Bagni di Lucca became “summer capital and flagship” of the Lucca state.

The restoration, with the Bourbons, and above all with the duchy of Carlo Ludovico from 1826 to 1847, will project Bagni di Lucca to the level of tourist-spa resort of first importance in Europe.

Let’s start our tour in this unique and enchanting town!

 

 

 

Lucca Thermal Baths

The city of Lucca enjoys the proximity of the thermal baths of Lucca Thermal Baths, a popular spa town just 25 km from the historic center. Immersed in the natural landscape, the spas are located on the Tuscan Apennines in a privileged position where the Serchio river and the Lima torrent flow, whose waters containing bicarbonate sulphate and calcium have curative as well as beneficial purposes.

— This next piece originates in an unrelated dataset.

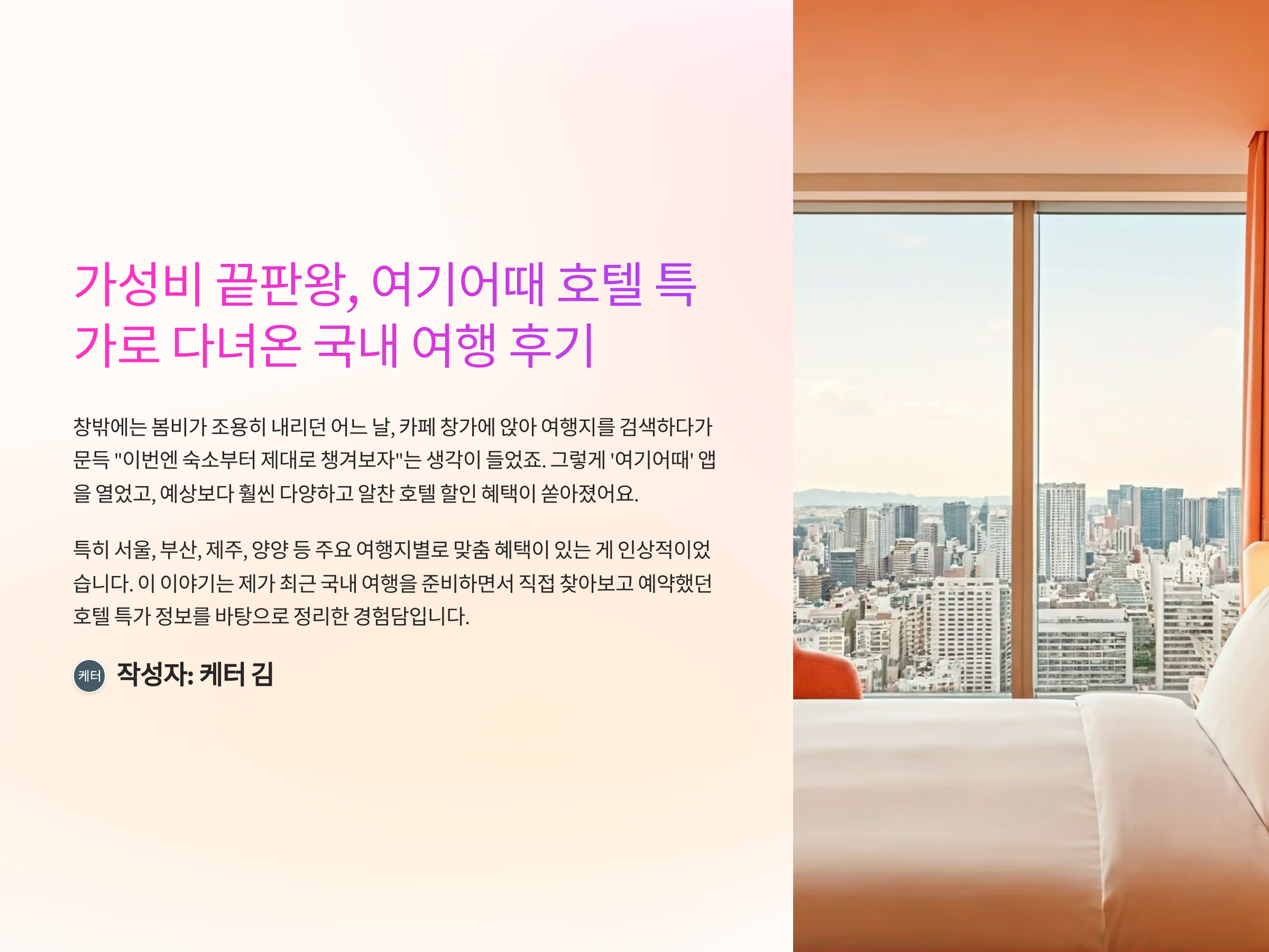 본 글은 광고를 포함하고 있습니다. [2025년 5월 호텔 예약 꿀팁] 호텔스컴바인 할인코드부터 트립닷컴, 라쿠텐, 아고다까지 차이점 총정리 5월 8일, 날씨가 참 좋아요. 바람은 선선하고 뒷산에서는 새가 지저귀고 있어서, 괜히 마음이 평화로워지는 그런 날이죠. 이런 날이면, ‘지금 당장이라도 어딘가 떠나고 싶다’는 생각이 절로 듭니다. 그래서 오늘은 여행 준비 중 가장 큰 비중을 차지하는 숙박 예약에 대한 이야기를 해볼까 해요. 특히 호텔스컴바인 할인코드와 다양한 예약 플랫폼의 차이점에 대해 정리해봤습니다. 호텔스컴바인 할인코드는 뭘까? 호텔스컴바인은 우리가 흔히 알고 있는 ‘예약 플랫폼’이 아니라, 가격 비교 플랫폼이에요. 트립닷컴, 아고다, 익스피디아 등 여러 사이트에서 제공하는 호텔 가격을 비..

The hyper-thermal waters of Lucca Thermal Baths gush out at a temperature of 45 ° C and have an anti-inflammatory and relaxing effect. There is a thermal pool, whose waters flow from the thermal spring of the Doccione at 54 ° C and a wellness center that offers the possibility of following various treatments including mud, massages, face / body and anti-aging services.

The thermal springs were already known in medieval times for their therapeutic properties but acquired importance in the national and international panorama after the French Revolution thanks to Elisa Baciocchi, Napoleon’s sister, who made Bagni di Lucca one of the reference points of life worldly.

During the Belle Epoque period and at the beginning of the twentieth century, the spas of Lucca hosted numerous illustrious figures such as Pascoli, Shelley, Byron, Puccini and Henry James

Today, the baths of Lucca Thermal Baths are intact compared to the course of time, restoration interventions have only required a modernization of the lighting that accompanies the visitor in a suggestive way in the passages of the caves.

The center of Lucca Thermal Baths is in fact divided into two establishments, the Terme di Jean Varraud and Casa Boccella, where professionals treat vascular, respiratory and rheumatic diseases.

The presence of the wellness center also allows a perfect remise en forme to tone, relax and purify the body with mud, massages and treatments of specific oils and creams in an atmosphere of hospitality and welcome.

 

Royal Casino

This is the first real land-based casino in Italy and the oldest in Europe: the Royal Casino of Bagni di Lucca.

It was perhaps even the first casino in history. We are talking about the Bagni di Lucca Royal Casino.

We will tell you about its rise and subsequent decline, until its closure over sixty years ago, when the concession expired. But it did not end there in fact the hall was then reopened twice more recently.

 

Today the Royal Casino of Bagni di Lucca operates as a gambling museum and as an automated room with many gaming devices. Without a doubt, an excellent reason to consider combining your passion for discoveries and travel with that for gambling and its history.

So, let’s see everything about this historic gambling house and then move on to what else the city of Lucca offers for a hypothetical holiday between play, relaxation and culture.

Champion of Italy, Sanremo, Saint Vincent and Venice. We are used to thinking of these four cities, when it comes to casinos in Italy but history tells us more because these popular names were not the only gambling halls in our area, and according to some historians not even the first. This title, in fact, would belong to the Bagni di Lucca Casino which, according to many historians, would be not only the first Italian casino, but even the first real casino ever to exist.

One of the first European Casinos inaugurated in 1839, built by two French entrepreneurs, Adrien Mathis and Edouard Ginnestet who obtained the gambling rights from the Duke of Lucca Carlo Lodovico in exchange for the construction.

The Games of the time were: Pharaoh, at the Royal, at the Biribisso (the ancient roulette), but there were also dance parties, literary and musical academies, but not only quarrels, duel challenges between nobles and adventurers. Today some of these games have been rebuilt from the Vicariate of Lima and can be tried during their demonstrations.

In 1847, the Duchy of Lucca passed to the Grand Duchy of Tuscany and the Grand Duke Leopoldo prohibited gambling.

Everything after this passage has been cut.